Meanwhile, parahydrogen-induced polarization (PHIP),³ in addition to signal amplification by reversible exchange (SABRE),⁴ has drawn increasing attention as an easy and cost-effective hyperpolarization technique. PHIP utilizes transition metal-catalysed hydrogenation of carbon–carbon unsaturated bonds in precursor molecules with parahydrogen, the spin isomer of molecular hydrogen with antiparallel nuclear spins (Scheme 1). The rapid decay of hyperpolarization generally proceeds through spin–lattice relaxation, and thus it is preferable that the polarization is transferred from ¹H to other heteronuclei such as ¹³C and ¹⁵N with larger T₁, by field cycling or using radio frequency pulse, where the hyperpolarized spin state can be retained for longer periods of time.⁵ Therefore, the first hydrogenation with parahydrogen is regarded as the dominant step of PHIP to realize sufficient polarization levels.
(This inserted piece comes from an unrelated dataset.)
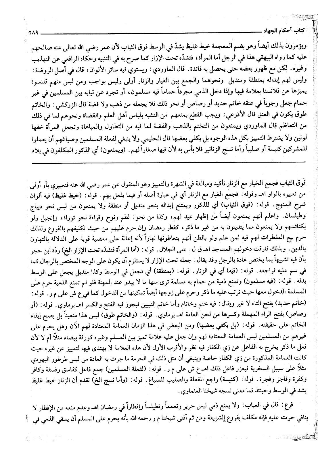 قَالَ الزَّرْكَشِيّ: وَالْخَاتَمُ طَوْقٌ يَكُونُ فِي الْعُنُقِ قَالَ الْأَذْرَعِيُّ: وَيَجِبُ الْقَطْعُ بِمَنْعِهِمْ مِنْ التَّشَبُّهِ بِلِبَاسِ أَهْلِ الْعِلْمِ وَالْقُضَاةِ وَنَحْوِهِمْ لِمَا فِي ذَلِكَ مِنْ التَّعَاظُمِ قَالَ الْمَاوَرْدِيُّ وَيُمْنَعُونَ مِنْ التَّخَتُّمِ بِالذَّهَبِ وَالْفِضَّةِ لِمَا فِيهِ مِنْ التَّطَاوُلِ وَالْمُبَاهَاةِ وَتَجْعَلُ الْمَرْأَةُ خُفَّهَا لَوْنَيْنِ وَلَا يُشْتَرَطُ التَّمْيِيزُ بِكُلِّ هَذِهِ الْوُجُوهِ بَلْ يَكْفِي بَعْضُهَا قَالَ الْحَلِيمِيُّ وَلَا يَنْبَغِي لِفَعَلَةِ الْمُسْلِمِينَ وَصُيَّاغِهِمْ أَنْ يَعْمَلُوا لِلْمُشْرِكِينَ كَنِيسَةً أَوْ صَلِيبًا وَأَمَّا نَسْجُ الزَّنَانِيرِ فَلَا بَأْسَ بِهِ لِأَنَّ فِيهَا صَغَارًا لَهُمْ. (وَيُمْنَعُونَ) أَيْ الذُّكُورُ الْمُكَلَّفُونَ فِي بِلَادِ

Hyperpolarization levels are positively correlated with the reaction rate of the hydrogenation reaction; therefore, this key step should be completed as soon as possible with highly active transition metal catalysts.
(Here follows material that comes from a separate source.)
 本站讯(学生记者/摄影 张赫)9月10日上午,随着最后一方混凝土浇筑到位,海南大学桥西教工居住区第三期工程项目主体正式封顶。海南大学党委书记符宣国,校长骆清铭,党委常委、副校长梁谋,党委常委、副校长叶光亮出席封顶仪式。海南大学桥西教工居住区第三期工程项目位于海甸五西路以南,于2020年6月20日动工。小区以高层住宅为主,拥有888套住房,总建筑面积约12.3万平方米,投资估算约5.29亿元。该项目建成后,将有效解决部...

Scheme 1 Experimental concept of PHIP.

Regarding the choice of metal catalysts, homogeneous rhodium complexes have been applied to hydrogenation in PHIP because the pairwise addition to unsaturated bonds must take place to retain the initial spin character of parahydrogen.^6,7 Commercially available [Rh(nbd)(dppb)]BF₄ (1) (nbd = 2,5-norbornadiene, dppb = 1,4-bis(diphenylphosphino)butane) has been employed in typical PHIP experiments, although the catalytic activity of this conventional cationic rhodium complex 1 (see Fig. 1a) is sometimes inadequate. For example, Chekmenev and co-workers⁸ reported PHIP experiments of [1-¹³C]vinyl acetate (VA) with 1, wherein high hydrogen pressure was required to complete the hydrogenation within a few seconds. In this case, hydrogenation of 80 mM VA solution in methanol-d₄ at 40 °C under standard pressure (1 bar) was not completed after 100 s.^8a

Fig. 1 (a) Structural exploration of conventional rhodium complex 1. (b) Rhodium complexes 2–5 selected based on the screening of ligands.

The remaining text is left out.